WHAT THE EXERCISE ASKS: Your answer should be the lines below from the one with "or bottle t...more" to the one with "Modella e personaggio", both included, given again exactly and with nothing added.

DATA TO PROCESS:
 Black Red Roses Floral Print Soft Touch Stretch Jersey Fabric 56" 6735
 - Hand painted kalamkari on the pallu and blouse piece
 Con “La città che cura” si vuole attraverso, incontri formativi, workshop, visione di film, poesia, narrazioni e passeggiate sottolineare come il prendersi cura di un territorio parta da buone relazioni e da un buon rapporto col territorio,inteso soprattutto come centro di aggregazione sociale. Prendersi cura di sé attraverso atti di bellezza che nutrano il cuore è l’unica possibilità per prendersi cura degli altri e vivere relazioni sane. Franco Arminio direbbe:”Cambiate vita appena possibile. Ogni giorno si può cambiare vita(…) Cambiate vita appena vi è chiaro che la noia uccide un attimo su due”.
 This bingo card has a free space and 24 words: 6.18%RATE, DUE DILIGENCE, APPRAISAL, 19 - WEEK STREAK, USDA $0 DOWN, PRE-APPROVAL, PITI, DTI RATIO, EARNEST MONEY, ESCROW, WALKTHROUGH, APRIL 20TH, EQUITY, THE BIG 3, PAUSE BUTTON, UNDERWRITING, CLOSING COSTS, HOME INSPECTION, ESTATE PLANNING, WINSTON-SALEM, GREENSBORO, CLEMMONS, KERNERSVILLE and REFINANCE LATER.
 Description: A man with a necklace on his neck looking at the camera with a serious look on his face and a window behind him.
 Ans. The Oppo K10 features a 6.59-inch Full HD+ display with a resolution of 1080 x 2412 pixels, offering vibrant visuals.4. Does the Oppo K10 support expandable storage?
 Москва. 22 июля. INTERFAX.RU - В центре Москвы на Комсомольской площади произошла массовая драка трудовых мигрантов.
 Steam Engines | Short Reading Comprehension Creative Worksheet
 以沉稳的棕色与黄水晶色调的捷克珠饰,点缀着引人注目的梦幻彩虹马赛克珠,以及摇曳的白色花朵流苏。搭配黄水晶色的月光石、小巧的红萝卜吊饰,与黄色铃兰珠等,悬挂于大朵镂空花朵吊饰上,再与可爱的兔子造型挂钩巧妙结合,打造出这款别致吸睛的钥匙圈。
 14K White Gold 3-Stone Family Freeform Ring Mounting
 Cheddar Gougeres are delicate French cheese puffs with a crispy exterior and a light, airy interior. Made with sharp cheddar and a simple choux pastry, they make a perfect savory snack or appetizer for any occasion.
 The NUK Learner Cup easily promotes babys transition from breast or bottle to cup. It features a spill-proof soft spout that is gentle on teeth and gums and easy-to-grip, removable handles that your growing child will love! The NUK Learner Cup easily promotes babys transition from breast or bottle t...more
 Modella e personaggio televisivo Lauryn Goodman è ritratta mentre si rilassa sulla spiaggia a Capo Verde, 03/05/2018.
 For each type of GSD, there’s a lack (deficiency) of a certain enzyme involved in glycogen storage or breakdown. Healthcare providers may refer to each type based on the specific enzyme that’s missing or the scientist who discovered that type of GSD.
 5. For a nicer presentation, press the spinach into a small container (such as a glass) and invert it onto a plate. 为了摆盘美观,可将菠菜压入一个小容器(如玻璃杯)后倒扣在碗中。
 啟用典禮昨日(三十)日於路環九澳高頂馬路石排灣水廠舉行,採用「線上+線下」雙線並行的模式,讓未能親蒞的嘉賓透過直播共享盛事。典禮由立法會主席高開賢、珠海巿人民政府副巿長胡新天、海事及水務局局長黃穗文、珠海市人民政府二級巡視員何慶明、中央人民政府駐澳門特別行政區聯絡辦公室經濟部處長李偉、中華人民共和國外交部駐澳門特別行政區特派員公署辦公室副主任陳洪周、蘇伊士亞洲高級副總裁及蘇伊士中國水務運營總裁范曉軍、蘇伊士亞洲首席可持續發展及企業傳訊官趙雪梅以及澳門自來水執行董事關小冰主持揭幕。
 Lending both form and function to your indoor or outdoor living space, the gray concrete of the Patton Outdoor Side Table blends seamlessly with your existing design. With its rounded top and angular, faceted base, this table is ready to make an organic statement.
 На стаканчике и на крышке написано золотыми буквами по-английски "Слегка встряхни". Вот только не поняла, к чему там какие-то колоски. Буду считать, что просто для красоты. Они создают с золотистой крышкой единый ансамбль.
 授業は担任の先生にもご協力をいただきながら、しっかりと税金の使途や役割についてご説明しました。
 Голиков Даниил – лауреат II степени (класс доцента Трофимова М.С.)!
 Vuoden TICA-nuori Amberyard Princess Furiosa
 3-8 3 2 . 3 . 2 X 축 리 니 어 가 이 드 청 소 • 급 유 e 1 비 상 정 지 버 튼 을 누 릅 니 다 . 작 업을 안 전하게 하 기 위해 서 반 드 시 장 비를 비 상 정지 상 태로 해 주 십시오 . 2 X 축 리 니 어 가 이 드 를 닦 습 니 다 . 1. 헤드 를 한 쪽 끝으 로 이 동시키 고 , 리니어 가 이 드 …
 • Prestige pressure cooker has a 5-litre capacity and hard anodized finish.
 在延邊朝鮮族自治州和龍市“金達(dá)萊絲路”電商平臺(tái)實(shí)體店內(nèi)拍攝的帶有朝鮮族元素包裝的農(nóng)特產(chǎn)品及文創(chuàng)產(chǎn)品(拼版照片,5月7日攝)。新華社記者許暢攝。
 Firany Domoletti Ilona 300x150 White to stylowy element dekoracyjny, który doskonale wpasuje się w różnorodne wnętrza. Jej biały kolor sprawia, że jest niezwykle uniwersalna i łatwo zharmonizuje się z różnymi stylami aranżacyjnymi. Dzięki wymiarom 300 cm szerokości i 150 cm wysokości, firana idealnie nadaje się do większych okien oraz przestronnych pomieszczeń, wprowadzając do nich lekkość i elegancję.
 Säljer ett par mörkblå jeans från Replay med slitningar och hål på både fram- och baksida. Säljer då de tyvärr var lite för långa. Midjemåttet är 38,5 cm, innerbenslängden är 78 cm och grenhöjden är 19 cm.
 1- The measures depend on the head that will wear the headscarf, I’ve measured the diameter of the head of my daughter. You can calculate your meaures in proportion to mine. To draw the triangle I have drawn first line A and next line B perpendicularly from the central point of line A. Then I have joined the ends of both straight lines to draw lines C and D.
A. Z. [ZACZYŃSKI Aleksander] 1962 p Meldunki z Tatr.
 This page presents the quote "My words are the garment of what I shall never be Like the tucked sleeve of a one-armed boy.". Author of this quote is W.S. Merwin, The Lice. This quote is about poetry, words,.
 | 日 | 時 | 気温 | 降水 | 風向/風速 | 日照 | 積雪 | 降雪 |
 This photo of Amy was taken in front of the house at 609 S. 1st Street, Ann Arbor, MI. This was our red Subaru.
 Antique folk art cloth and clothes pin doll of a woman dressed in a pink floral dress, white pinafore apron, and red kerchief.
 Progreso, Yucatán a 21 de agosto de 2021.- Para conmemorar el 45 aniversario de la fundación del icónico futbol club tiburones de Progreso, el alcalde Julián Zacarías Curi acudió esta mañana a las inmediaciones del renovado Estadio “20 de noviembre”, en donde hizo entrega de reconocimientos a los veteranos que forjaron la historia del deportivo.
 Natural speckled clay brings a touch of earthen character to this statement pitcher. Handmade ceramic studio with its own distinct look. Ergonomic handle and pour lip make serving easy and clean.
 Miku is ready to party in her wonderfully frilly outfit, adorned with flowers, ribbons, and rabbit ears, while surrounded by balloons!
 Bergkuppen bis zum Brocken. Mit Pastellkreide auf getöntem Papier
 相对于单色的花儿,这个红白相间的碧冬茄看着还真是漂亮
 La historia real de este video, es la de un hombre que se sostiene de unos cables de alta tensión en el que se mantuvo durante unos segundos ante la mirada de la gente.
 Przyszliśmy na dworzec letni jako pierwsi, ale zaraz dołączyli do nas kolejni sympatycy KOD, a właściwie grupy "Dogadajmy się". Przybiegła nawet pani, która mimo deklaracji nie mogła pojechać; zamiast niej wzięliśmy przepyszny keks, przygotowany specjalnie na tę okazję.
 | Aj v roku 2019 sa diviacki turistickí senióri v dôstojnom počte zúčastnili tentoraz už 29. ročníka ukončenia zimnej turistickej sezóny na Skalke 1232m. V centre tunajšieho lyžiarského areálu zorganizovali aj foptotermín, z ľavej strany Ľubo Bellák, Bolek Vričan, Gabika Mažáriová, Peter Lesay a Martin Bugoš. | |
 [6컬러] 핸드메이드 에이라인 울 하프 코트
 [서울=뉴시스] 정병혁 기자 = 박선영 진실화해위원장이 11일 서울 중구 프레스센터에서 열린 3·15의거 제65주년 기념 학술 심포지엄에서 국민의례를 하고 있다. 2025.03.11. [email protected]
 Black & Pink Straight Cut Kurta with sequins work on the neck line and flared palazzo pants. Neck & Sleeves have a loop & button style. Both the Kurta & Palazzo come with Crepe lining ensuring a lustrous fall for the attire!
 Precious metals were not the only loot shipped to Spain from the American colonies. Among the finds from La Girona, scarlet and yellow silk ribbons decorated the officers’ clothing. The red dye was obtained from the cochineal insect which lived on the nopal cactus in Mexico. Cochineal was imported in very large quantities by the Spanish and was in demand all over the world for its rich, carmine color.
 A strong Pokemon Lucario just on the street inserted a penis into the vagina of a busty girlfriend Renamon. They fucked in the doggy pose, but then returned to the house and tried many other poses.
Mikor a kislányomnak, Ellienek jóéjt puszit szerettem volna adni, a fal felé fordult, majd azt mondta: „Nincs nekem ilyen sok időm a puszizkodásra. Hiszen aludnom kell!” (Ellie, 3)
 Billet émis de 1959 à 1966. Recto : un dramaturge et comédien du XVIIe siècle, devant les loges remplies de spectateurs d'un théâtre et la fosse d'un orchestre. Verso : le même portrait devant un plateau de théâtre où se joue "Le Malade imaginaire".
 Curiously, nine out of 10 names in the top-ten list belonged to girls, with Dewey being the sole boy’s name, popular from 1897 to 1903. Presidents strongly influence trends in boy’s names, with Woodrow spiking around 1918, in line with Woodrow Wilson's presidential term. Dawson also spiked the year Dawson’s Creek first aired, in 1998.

SOLUTION TO THIS TASK:
 The NUK Learner Cup easily promotes babys transition from breast or bottle to cup. It features a spill-proof soft spout that is gentle on teeth and gums and easy-to-grip, removable handles that your growing child will love! The NUK Learner Cup easily promotes babys transition from breast or bottle t...more
 Modella e personaggio televisivo Lauryn Goodman è ritratta mentre si rilassa sulla spiaggia a Capo Verde, 03/05/2018.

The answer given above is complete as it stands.